Domino supports Git-based projects. Git-based projects:

  • Ensure common Git workflows are available natively in your workspace.

  • Provide an easy way to engage in version-controlled, code-based collaboration with fellow project team members within Domino.

  • Organize your projects' assets as either code, data, or artifacts to support common data science workflows.

Consider Git-based projects if you:

  • Have a beginner’s proficiency with Git.

  • Have experience with hosted version control systems like GitHub and Bitbucket.

  • Collaborate with several data scientists on projects.

To learn more about common workflows using Git and branching, see Git Feature Branch Workflow.

If you are not familiar with Git or hosted version control systems, or you want to reproduce data science research, then consider a Domino File System (DFS) project.

Note

Before you use a private Git repository to store your code, you must add the corresponding Git credentials to your Domino account settings. After you add the credentials you can create a Git-based project in Domino.

If you use a public Git repository to store your code, you do not have to add your Git credentials.

Code, Data, and Artifacts

In Domino, the Domino File System (DFS) is the traditional way to store project assets. DFS-based projects organize all your project’s assets as either data or files. Git-based projects organize your project’s assets as either code, data, or artifacts.

Code

This section organizes and lists all the Git-based repositories used to store your project code and additional imported repositories. For more information, see Git repositories in Domino. Use common Git workflows to access files in these repositories.

gbp-15

Common Git workflows, like committing, pushing, and pulling are available when you interact with code in a Domino workspace. For more information, see Git in your Workspace.
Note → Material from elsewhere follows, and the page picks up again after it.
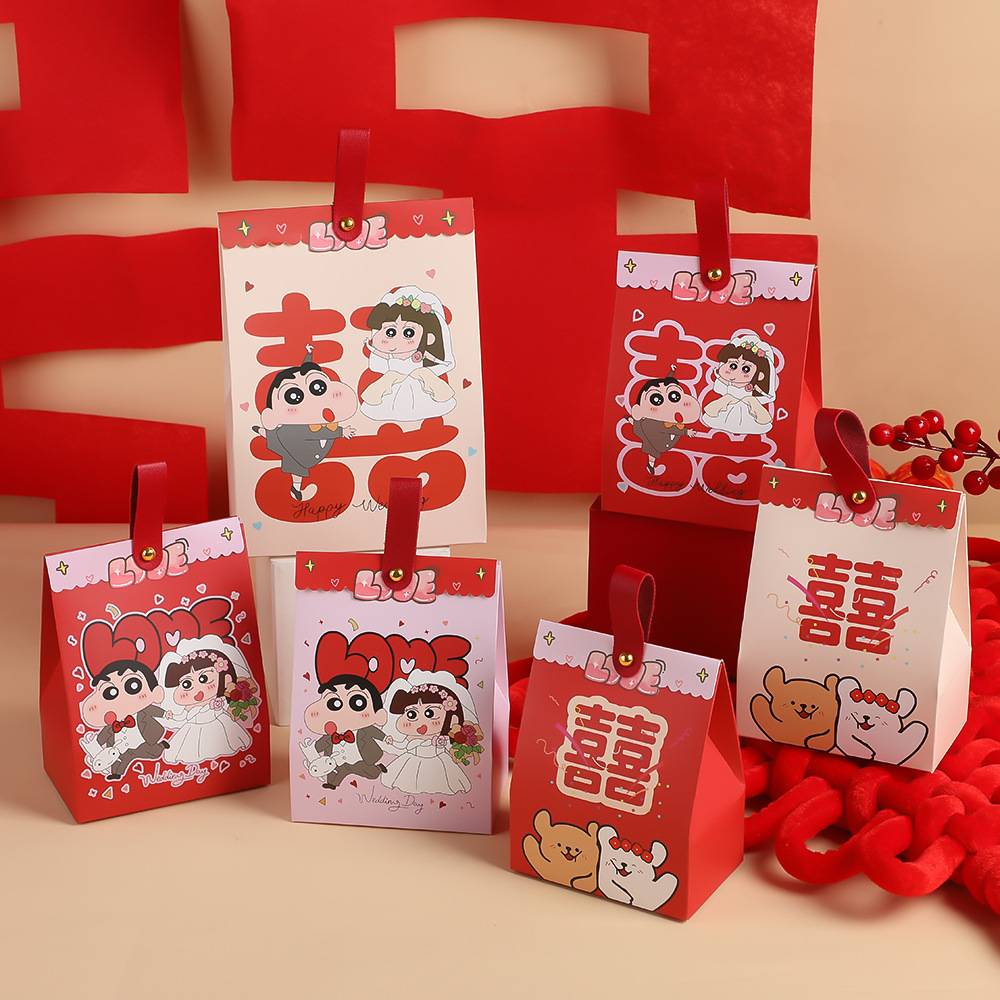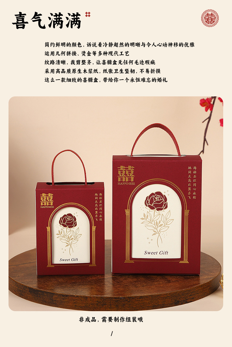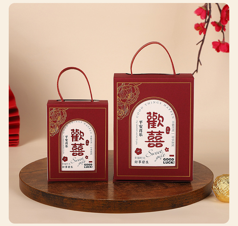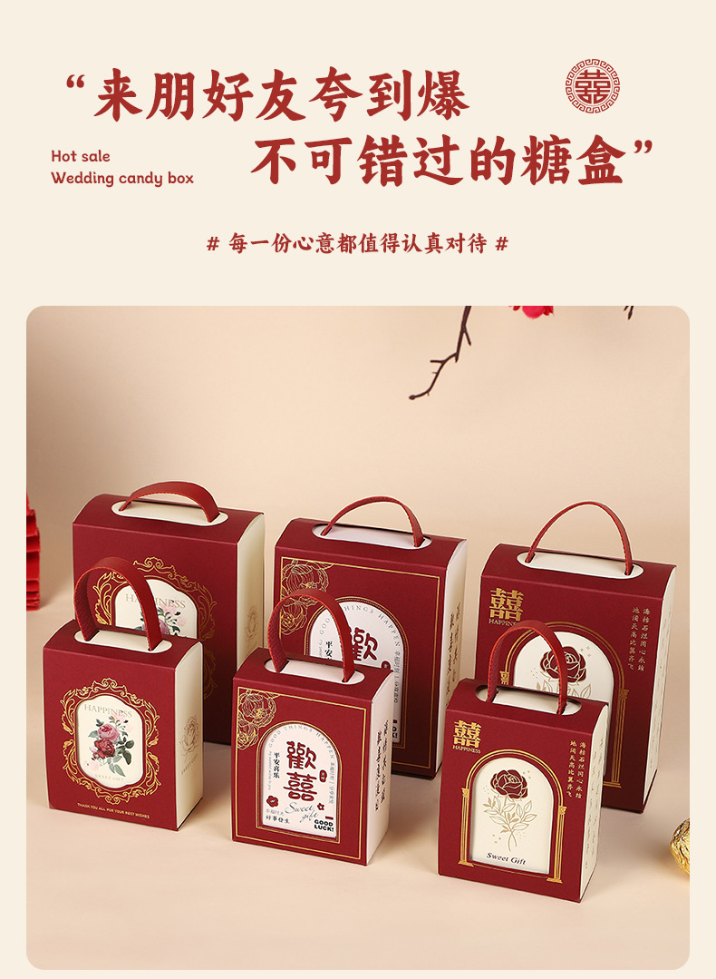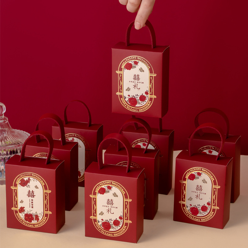 中国式手提げ喜糖礼箱創意喜字喜糖袋キャンディー紙箱結婚祝い礼箱高級感角型礼箱

The default working directory for your code is /mnt/code.

You can select any branch and the last 10 commits. You can browse the folders of linked Git repositories natively from the Code section on the Project page.

Note
Data

Similar to DFS-based projects, this section organizes and lists all data sources used in your project, including Domino datasets, external data volumes, and dataset scratch spaces. For more information about how to use data with your project, see Datasets Overview.

Artifacts

Artifacts are results or products from your research and analysis like plots, charts, and serialized models. Organize these artifacts in this section and import artifacts from other projects.

gbp-1

Directory structure

Git-based projects use a different directory structure in workspaces than DFS-based projects. The following shows the directory structure.
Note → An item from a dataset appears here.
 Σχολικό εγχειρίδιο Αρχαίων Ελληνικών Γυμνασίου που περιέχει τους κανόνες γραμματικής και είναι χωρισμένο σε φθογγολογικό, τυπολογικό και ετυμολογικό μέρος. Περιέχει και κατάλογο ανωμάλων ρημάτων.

The default working directory for your code is /mnt/code.

/mnt
│
├── /code   # Git repository and default working directory.
│
├── /data
│   │   # Project Datasets
│   ├── /{dataset-name}   # Latest version of dataset.
│
│    # Project Artifacts
├── /artifacts
│
│    # External mounted volumes
├── /{external-volume-name}
│
└── /imported
    │   # Imported Git Repos
    ├── /code
    │   └── /{imported-repo-name}
    │
    ├── /data
    │   │   # Mounted Shared Datasets
    │   └── /{shared-dataset-name} # Contains contents of latest snapshot unless otherwise specified by yaml.
    │
    │    # Imported Project Artifacts
    └── /artifacts
        └── /{imported-project-name}
Important

Create a Git-based project:

  1. In the navigation pane, click Projects and then click New Project.

    gbp-2

  2. In the Create New Project window, enter a name for your project.

  3. Set your project’s Visibility.

  4. Click Next.

    gbp-13

  5. Under Hosted By, click Git Service Provider. On selection, more fields will be shown beneath the Hosted By field.

  6. Under Git Service Provider, select the provider currently hosting the repository you want to import. This is the target repository.

  7. Under Git Credentials, select credentials authorized to access the target repository.

  8. Under Repository, select a repository or enter a Git URL. If you are using PAT credentials with Github or GitLab, you can create your own repository.

  9. Click Create

    gbp-14

    Important

During the project creation process, you can create a new repository for Github and GitLab. (These are the only Git providers currently supported by Domino.)

Create a new repository

  1. Click Create new repository under Repository.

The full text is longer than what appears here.